Problem details: Starting with the line that has "Hernán Rivera Letelier Escritor" in the records below and ending with the line that has "Passeio Externo Café colonial - Vinhedo", output those lines exactly and nothing more; omit the pictures.

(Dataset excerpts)
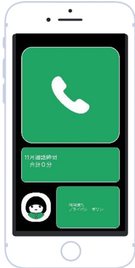
シンプルな操作性
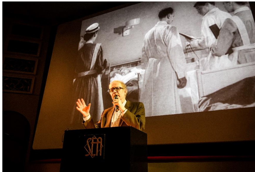
Physicians in movies, Peter von Bagh
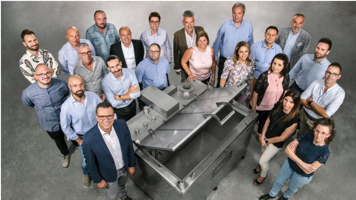
Zespół firmy ALIT

ugruntowaną pozycję na rynku obróbki powierzchniowej metali, wyróżnia ją wieloletnie doświadczenie i pełen profesjonalizm zarówno w doradztwie technologicznym, jak i w całokształcie prowadzenia relacji klient-odbiorca. Na terenie Polski znajdują się wiele firm z branży aluminiowej, motoryzacyjnej, AGD i lakierniczej, którym ALIT może zaoferować najbardziej optymalne rozwiązania.
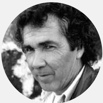
Hernán Rivera Letelier Escritor
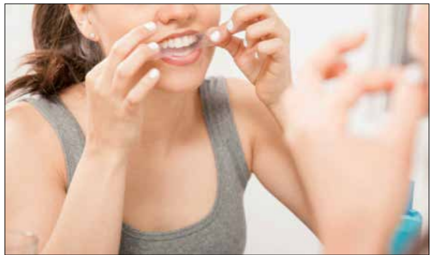
研究人员发现，在美白牙膏中发现的某种活性成分可能会损害富含蛋白质的牙齿层。

本项研究的总结于2019年4月6日至4月10日在奥兰多美国生物化学和分子生物学学会的年会上发表。
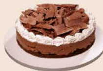
Torta mousse de chocolate
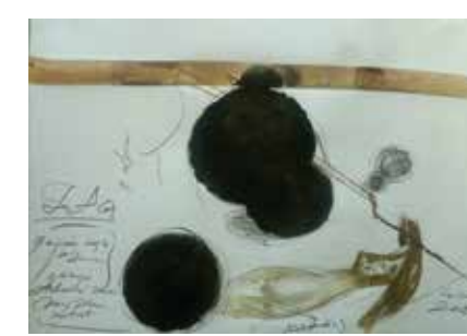
Скице за инсталацију "Архаични часови" 2019. техника: лавирани туш
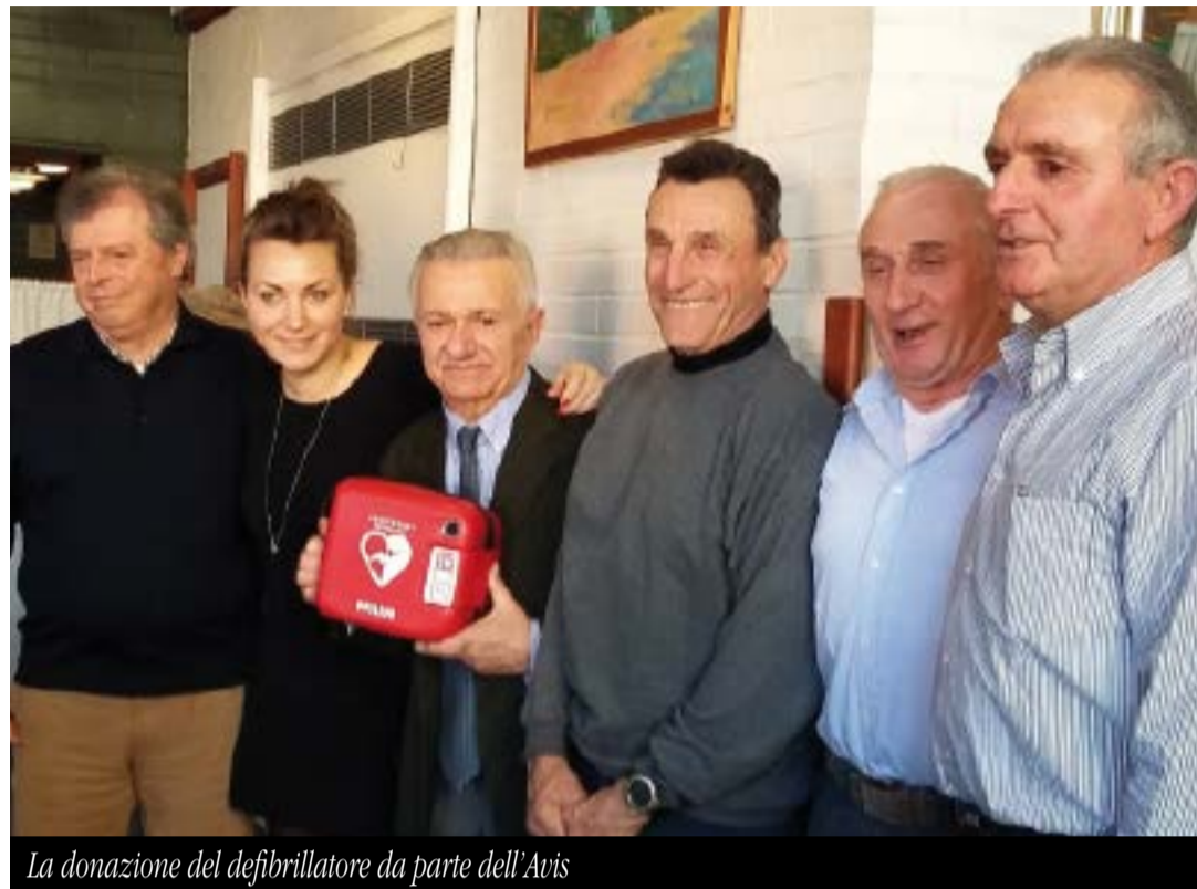
La donazione del defibrillatore da parte dell'Avis

Il decreto Balduzzi prevede che ogni impianto sportivo attivo sul territorio sia dotato di defibrillatore e che ogni associazione sportiva che utilizza queste strutture abbia personale formato per utilizzare nel bisogno queste apparecchiature nella maniera migliore. L'Assessorato allo sport si è
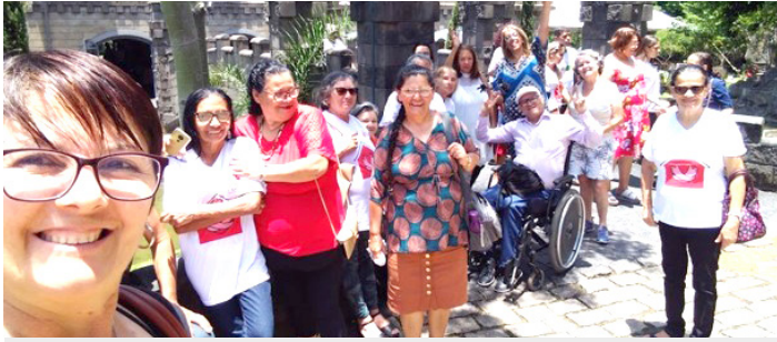
Passeio Externo Café colonial - Vinhedo
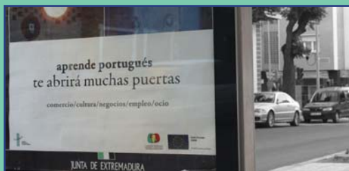
Imagen de la campaña publicitaria lanzada por el GIT para promover el aprendizaje de la lengua portuguesa.

eurorregión, donde es el propio tejido social quien se encarga de buscar sus alianzas y colaboraciones con organizaciones homólogas del otro lado de la Raya.
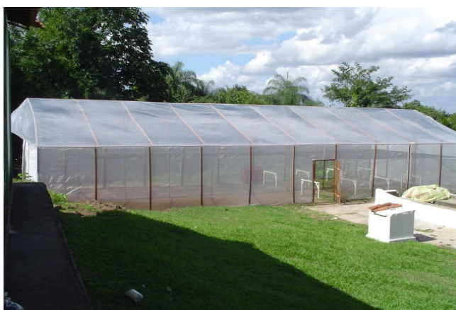
Figura 01. Estufa utilizada para condução dos experimentos

O experimento foi conduzido, em casa-de-vegetação (estufa) na Escola Agrotécnica Federal de Crato-CE e as análises realizadas nos Laboratórios da Universidade Federal Rural de Pernambuco (UFRPE), em Recife-PE. Foram utilizados, solo do tipo Espodossolo cárbico, Latossolo vermelho amarelo, esterco bovino e o polímero hidroabsorvente “hidratassolo”.
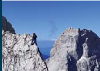
Vecchio Corno dei Pini (2706 m), seconda cima più alta del Friuli
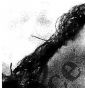
Obr. 14: Síť nanovláken.
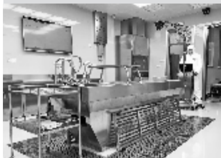
按照检验高度腐败尸体标准建设的不锈钢材质的解剖台。
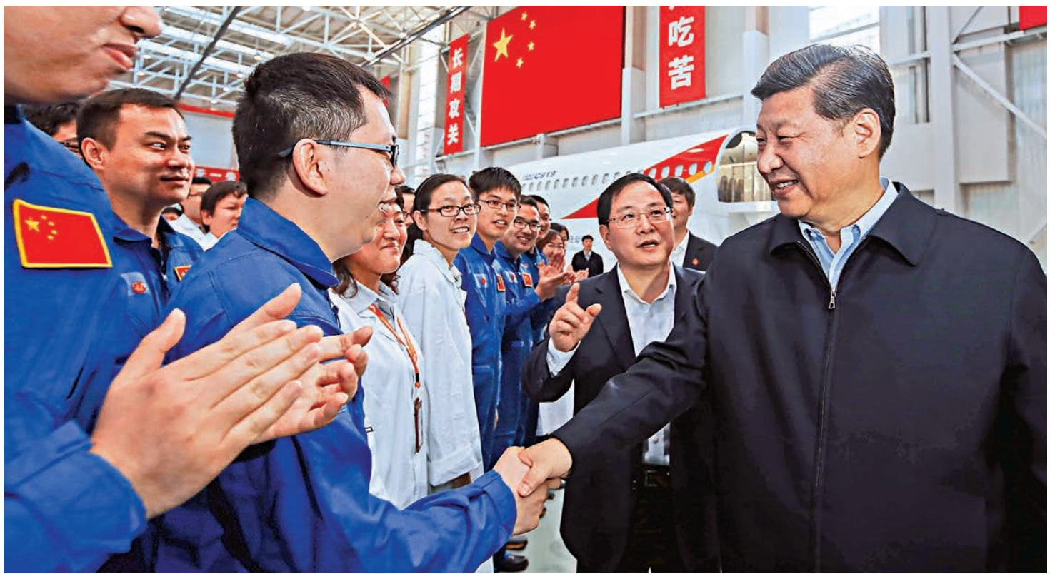
▲二〇一四年五月二十三日，中共中央總書記、國家主席、中央軍委主席習近平在上海中國商飛設計研發中心綜合試驗大廳與試飛工程師親切握手
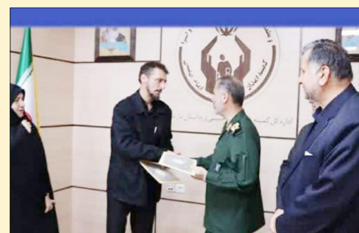
مدیرکل کمیته امداد مازندران گفت: تا پایان امسال هزار و ۵۳۷ مسکن احداث و تحویل مددجویان کمیته امداد می شود.

مدیرکل کمیته امداد مازندران با اشاره به اینکه در استان، ۱۱ هزار و ۶۰۰ مددجوی فاقد مسکن، که ۸ هزار نفر فاقد زمین هستند داریم، گفت: امروز تفاهم نامه برای ساخت هزار و ۵۳۷ مسکن امضا شد که براساس آن تا پایان سال این واحدها تحویل مددجویان می شود و همچنین ارتباطات و تعاملات کمیته امداد امام خمینی و بهزیستی در پنج شنبه های جهادی که در روستاهای دور دست برگزار می شود امضا خواهد شد.
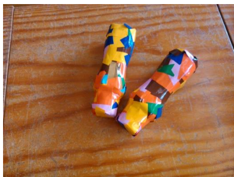
Figura 10 - Maracas com arroz.

instrumentos em momentos de atividade livre, como é o caso do reco-reco e da caixa de sons e, também, do tambor.
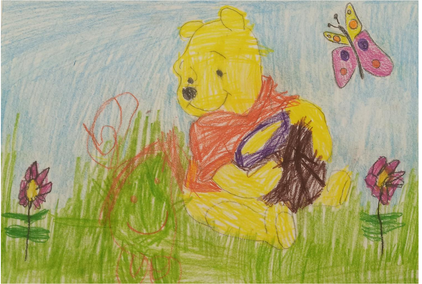
ZUZANNA LAT 6
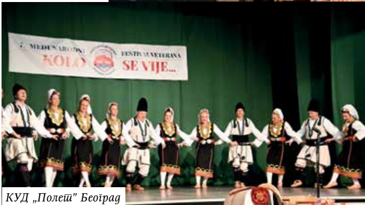
КУД „Полеј” Београд
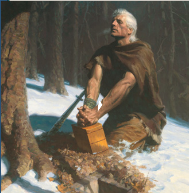
Aastal 421 pKr mattis prohvet Moroni oma rahva pühad ülestähendused Kumoora künkale. Ilmudes seekord ülestõusnud olendina, rääkis ta Joseph Smithile iidsetest ülestähendustest, mis sisaldavad evangeeliumi täiust, nii nagu Päästja selle Ameerika mandri muistsetele asukatele andis. Need ülestähendused kannavad nime: Mormoni Raamat.

P ärast nende asjade rääkimist hakkas ta tsiteerima Vana Testamendi prohvetlikke kuulutusi. Kõigepealt tsiteeris ta osa Malakia kolmandast peatükist ja edasi sama prohvetliku kuulutuse lõppu, kuid ta tegi seda meie Piibli sõnastusest pisut erinevalt. Selle asemel, et lausuda üheksateistkümnendat salmi nii, nagu see on meie raamatutes, ütles ta seda nõnda:
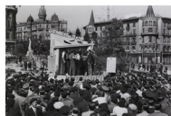
Guerrillas del Teatro (Plaça Catalunya, Barcelona) 1938 30 x 40 cm
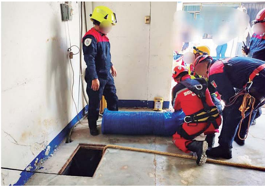
■ Un equipo especialista descendió para recuperar los cuerpos.
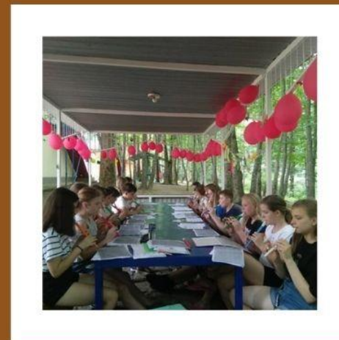
Программа летней выездной профильной смены по обучению игре на свирели "Лири"
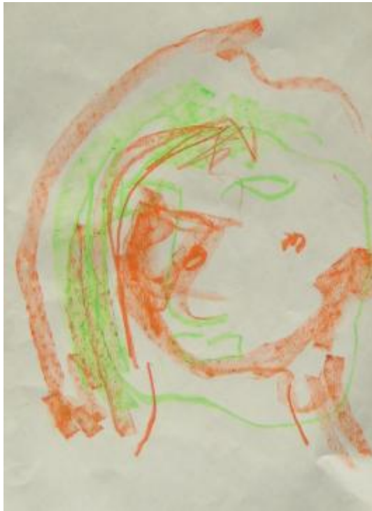
Kuva 5 Minun silmät kiinni tekemäni omakuva. Tämän tekemällä pyrin osoittamaan Saanalle vapautunutta suhtautumista kuvan tekemiseen.
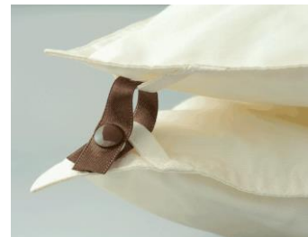
2枚を合わせて 「2枚合わせ羽毛掛けふとん」 として使えます

■概要(子育て:40歳未満 ファミリー:40歳以上55歳未満 シニア:55歳以上65歳未満)
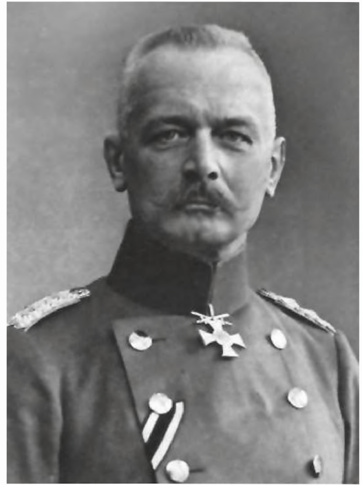
▪ General Erich von Falkenhayn

Der Sieg über Serbien öffnete nun die Versorgungslinie in die Türkei und trug wesentlich zur
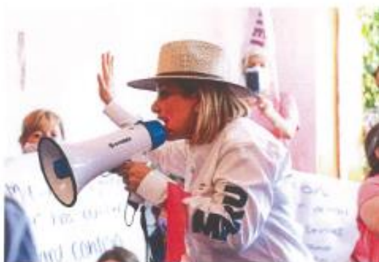
Imagen setenta y cuatro
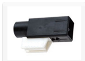
車室内温度センサ
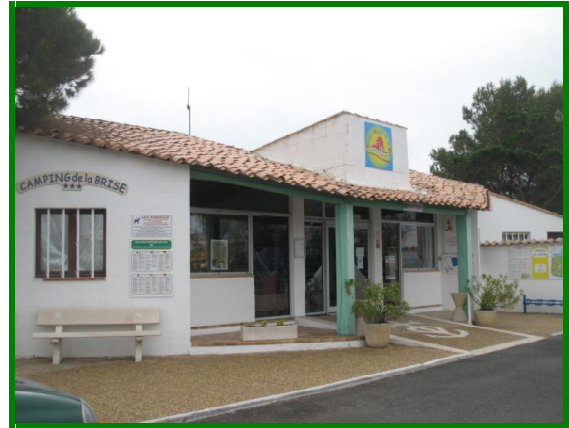
Reception Camping de la Brise

Dopo aver pranzato ci concediamo un po' di relax e fortunatamente torna anche a splendere il sole.
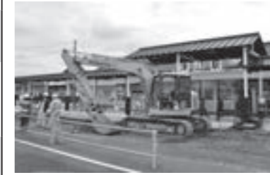
津山駅北口広場整備事業
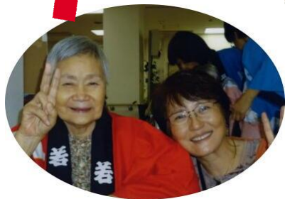
夏まつり 楽しい夏まつり 親子でハイチー
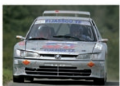
D. PIJASSOU / L. DUBOIS Peugeot 306 Maxi
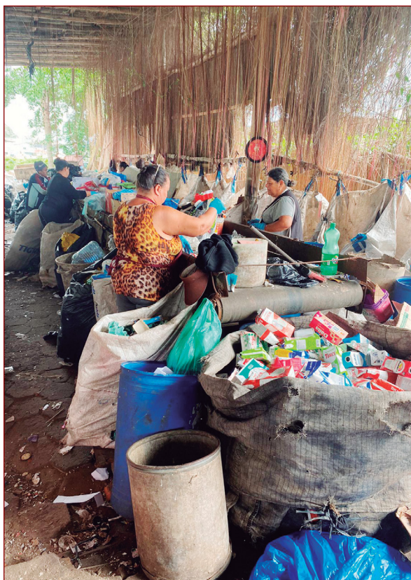
Projeto Acreli: reciclagem.
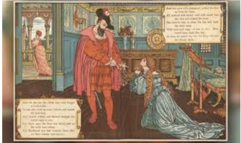
Walter Crane, chromoxylographie d'Edmund Evans, planche 4 (p. 4-5) de Bluebeard , Londres, John Lane, 1898.
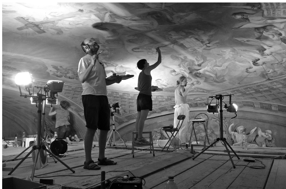
8. kép: Retusálás az Utolsó ítélet című falképen, a Madonna-kápolnában, 2015
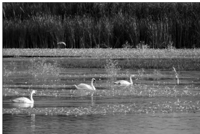
II miejsce, autor Krystyna Michałek.
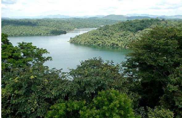
1 Vista da Lagoa Dom Helvécio no Parque Estadual Rio Doce, Minas Gerais

© Lívia Godinho Temponi (liviatemponi@yahoo.com.br) Instituto de Biologia Vegetal, Universidade Federal de Viçosa, Minas Gerais, Brasil. Apoio Fundação O Boticário/MacArthur Foundation © Environmental & Conservation Programs, The Field Museum, Chicago, IL 60605 USA. [RRC@fmnh.org] [www.fmnh.org/plantguides] Rapid Color Guide # 210 versão 1 12/2006

Solution for this exercise:
Hernán Rivera Letelier Escritor
研究人员发现，在美白牙膏中发现的某种活性成分可能会损害富含蛋白质的牙齿层。

本项研究的总结于2019年4月6日至4月10日在奥兰多美国生物化学和分子生物学学会的年会上发表。
Torta mousse de chocolate
Скице за инсталацију "Архаични часови" 2019. техника: лавирани туш
La donazione del defibrillatore da parte dell'Avis

Il decreto Balduzzi prevede che ogni impianto sportivo attivo sul territorio sia dotato di defibrillatore e che ogni associazione sportiva che utilizza queste strutture abbia personale formato per utilizzare nel bisogno queste apparecchiature nella maniera migliore. L'Assessorato allo sport si è
Passeio Externo Café colonial - Vinhedo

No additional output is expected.